I would focus on human somatic editing in order to correct mutations, in this case for PKU, I would like to edit PAH gene.

(ii) What technology or technologies would you use to perform these DNA edits and why? Also answer the following questions:

Base editing, I think is more effective than CRISPR-Cas9, and in this disease that usually pathogenic mutations are SNPs.

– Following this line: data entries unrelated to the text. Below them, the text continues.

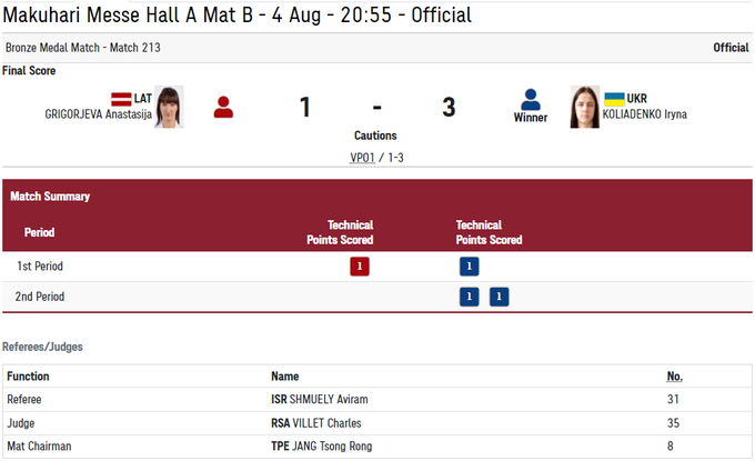 Днем ранее Коляденко в 1/8 финала досрочно победила Аминат Аденийи из Нигерии, а в 1/4 финала оказалась лучше Лун Цзя из Китая. А вот в полуфинале Ирина проиграла Айсулуу Тыныбековой, киргизской спортсменке.
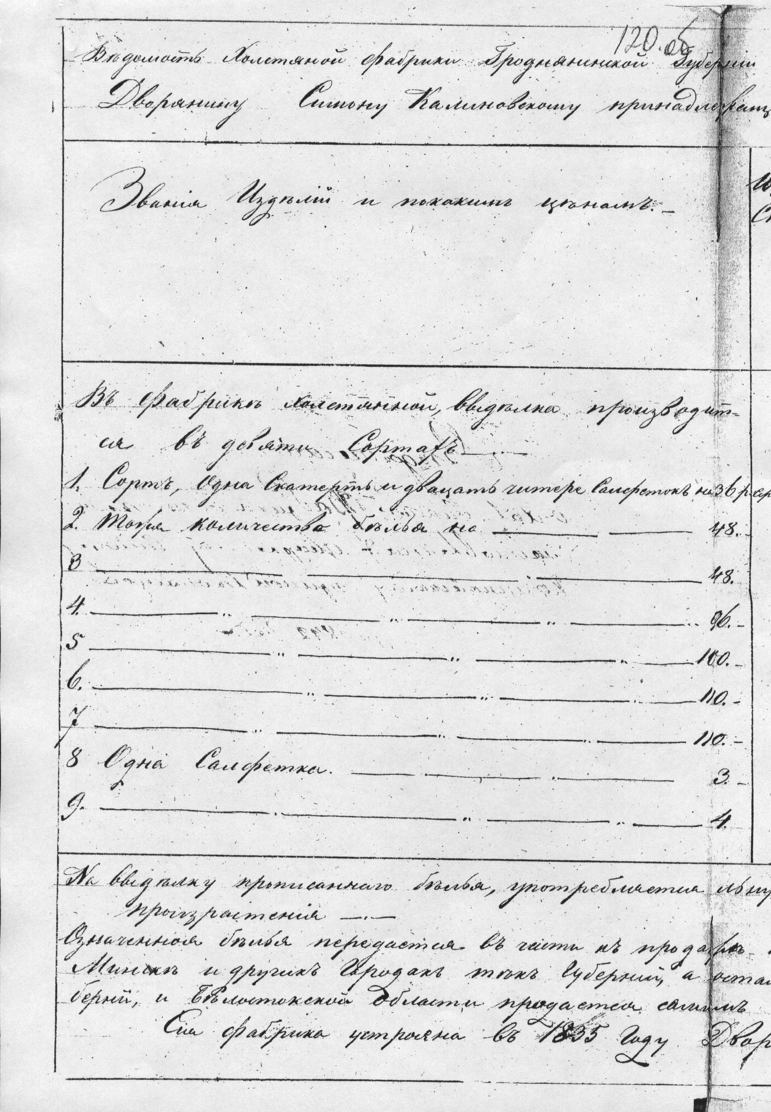 На выдѣлку прописаннаго бѣлья употребляется льну пудовъ 250 изъ пріобрѣтеннаго мѣстнаго произрастенія Означенное бѣлье передается въ части къ продажѣ по лавкамъ фабрикантамъ въ городахъ Вильнѣ, Минскѣ и другихъ городахъ тѣхъ губерній, а остальное по разнымъ мѣстамъ Гродненской губерніи и Бѣлостокской области продается самимъ фабрикантомъ. Сия фабрика устроена въ 1835 году Дворяниномъ Симономъ Калиновскимъ.
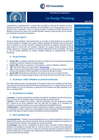 Le document explique que le design thinking est une approche d'innovation centrée sur l'utilisateur, née en réponse à l'évolution du marketing vers l'expérience client. Il décrit les étapes du processus de design thinking : inspiration, idéation et implémentation, ainsi que l'importance de la pluridisciplinarité et du prototypage. Enfin, il mentionne plusieurs formations et ressources en ligne pour intégrer cette méthode dans les entreprises.
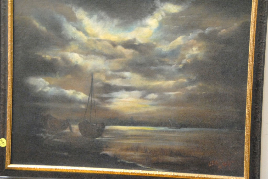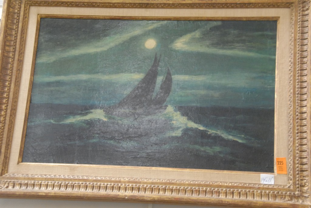 Group of three oil paintings one signed Ryder oil on canvas Night Sailing 14 x 21, oil on canvas Night Time Waters Edge signed indistinctly 16 x 29, and P. Mills Bulls 1 head 10 x 12 signed.

1. How does your technology of choice edit DNA? What are the essential steps? I would use a Cytosine Base Editor (like pin-point). It basically change a cystosine for a uracil, and then after the DNA is repaired this U will be read as T. The essential steps are: a. gRNA directs Cas9 to the target DNA b. Cas9 bind to the DNA and modifies the base (using a deaminase enzyme) c. Cellular DNA repair machinery resolves the mismatch and the change becomes permanent.
2. What preparation do you need to do (e.g. design steps) and what is the input (e.g. DNA template, enzymes, plasmids, primers, guides, cells) for the editing? First of all, indetify the SNP or mutation, then desing the gRNA for the position of the mutation. The inputs would be the Base editor, gRNA, a delivery vehicle as LNPs, and then work ex vivo with patient stem cells.
3. What are the limitations of your editing methods (if any) in terms of efficiency or precision? Base editing is limited by the conversion that it has, like C to T or A to G. Also the off target deamination or breaks, usually because the interaction between the gRNA and the DNA is not perfectly specific.